For the second claim, using the given functions \(f_i=(F_i,A_i,B)\), form \(F=\bigcup F_i\) and consider the triple \(f=(F,A,B)\). Clearly \(\pr_1F=A\), so to show that \(f\) is a function, it suffices to prove that for any \(x\in A\), there is a unique \(y\) such that \((x,y)\in F\).
Let \(y,y'\in B\) satisfy \((x,y)\in F\) and \((x,y')\in F\). Then there exist \(i\) and \(j\) such that \((x,y)\in F_i\) and \((x,y')\in F_j\). Now
\[y=(f_i)(x)=(f_i|_{A_i\cap A_j})(x)=(f_j|_{A_i\cap A_j})(x)=(f_j)(x)=y'\]so the second claim is also established.
By the first claim, the function \(f\) satisfying the condition in part 2 is necessarily unique. Moreover, if \(A_i\cap A_j=\emptyset\) for all \(i,j\), then the hypothesis of part 2 is automatically satisfied. We make the following definition.
Definition 3 Sets \(A\) and \(B\) are disjoint if \(A\cap B=\emptyset\). More generally, a family \((A_i)_{i\in I}\) is pairwise disjoint if for any \(i, j\in I\) with \(i\neq j\), we have \(A_i\cap A_j=\emptyset\).
Definition 4 A partition of a set \(A\) is a pairwise disjoint covering of \(A\).

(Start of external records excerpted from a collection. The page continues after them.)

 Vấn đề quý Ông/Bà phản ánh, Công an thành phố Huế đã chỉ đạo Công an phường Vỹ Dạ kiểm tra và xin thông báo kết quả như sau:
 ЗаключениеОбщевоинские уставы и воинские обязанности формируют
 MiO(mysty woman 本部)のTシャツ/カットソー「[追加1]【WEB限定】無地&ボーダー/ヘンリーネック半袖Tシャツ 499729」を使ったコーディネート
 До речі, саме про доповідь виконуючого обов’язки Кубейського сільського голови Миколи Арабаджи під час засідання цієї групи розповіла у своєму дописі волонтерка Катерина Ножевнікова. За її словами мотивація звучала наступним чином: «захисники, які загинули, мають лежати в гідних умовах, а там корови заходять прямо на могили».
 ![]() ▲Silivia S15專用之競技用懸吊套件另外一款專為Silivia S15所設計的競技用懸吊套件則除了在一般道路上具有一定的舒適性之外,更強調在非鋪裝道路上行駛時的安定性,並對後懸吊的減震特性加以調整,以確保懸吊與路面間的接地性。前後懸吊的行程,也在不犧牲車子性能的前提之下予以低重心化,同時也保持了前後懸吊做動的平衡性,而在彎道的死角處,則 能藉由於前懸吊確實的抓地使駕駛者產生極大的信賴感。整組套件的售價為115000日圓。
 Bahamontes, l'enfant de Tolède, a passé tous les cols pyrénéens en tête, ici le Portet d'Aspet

In general, the empty set plays no role among the members of such a family, so when we speak of a partition, we assume that no member is empty.
Sum of Sets
Proposition 5 Let \((A_i)_{i\in I}\) be a family of sets. Then there exists a set \(S\) such that:
- \(S\) is the union of a pairwise disjoint family \((S_i)_{i\in I}\), and
- for every \(i\in I\), there exists a bijection from \(A_i\) to \(S_i\).
Proof
Let \(S_i\) be
Definition 6 A set \(S\) satisfying the conditions above is called the sum of the family \((A_i)_{i\in I}\) and is denoted by \(\sum_{i\in I} A_i\).

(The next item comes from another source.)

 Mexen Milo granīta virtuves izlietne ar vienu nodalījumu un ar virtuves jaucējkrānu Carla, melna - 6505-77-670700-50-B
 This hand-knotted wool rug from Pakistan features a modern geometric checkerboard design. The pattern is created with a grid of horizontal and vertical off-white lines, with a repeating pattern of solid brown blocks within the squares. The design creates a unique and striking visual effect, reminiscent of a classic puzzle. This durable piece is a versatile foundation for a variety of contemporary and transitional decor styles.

This set is often called the disjoint union and denoted by \(\bigsqcup_{i\in I} A_i\). The following proposition shows that this terminology is apt.
Proposition 7 Let \((A_i)_{i\in I}\) be a pairwise disjoint family. If \(A\) denotes their union and \(S\) their sum, then there exists a bijection between \(A\) and \(S\).
Proof
If \(f_i:A_i\rightarrow S_i\) are the bijections satisfying the condition of Proposition 5, then by Proposition 2, the family \((f_i)_{i\in I}\) extends to a bijection from \(\bigcup_{i\in I} A_i=A\).
The intuition for calling this the sum of sets will emerge later. (§Cardinals, ⁋Definition 6)
Universal Property
There is a point we have not yet mentioned regarding Definition 6. The sum \(X\) of a family of sets \((A_i)\) is not unique: infinitely many sets satisfy the conditions of Proposition 5. For instance, in the proof of that proposition, we took \(S\) to be the set of pairs \((x,i)\), but we could equally well have taken the set of pairs \((i,x)\). Strictly speaking, then, the notation \(\sum A_i\) for the sum of the \(A_i\) is not well-defined.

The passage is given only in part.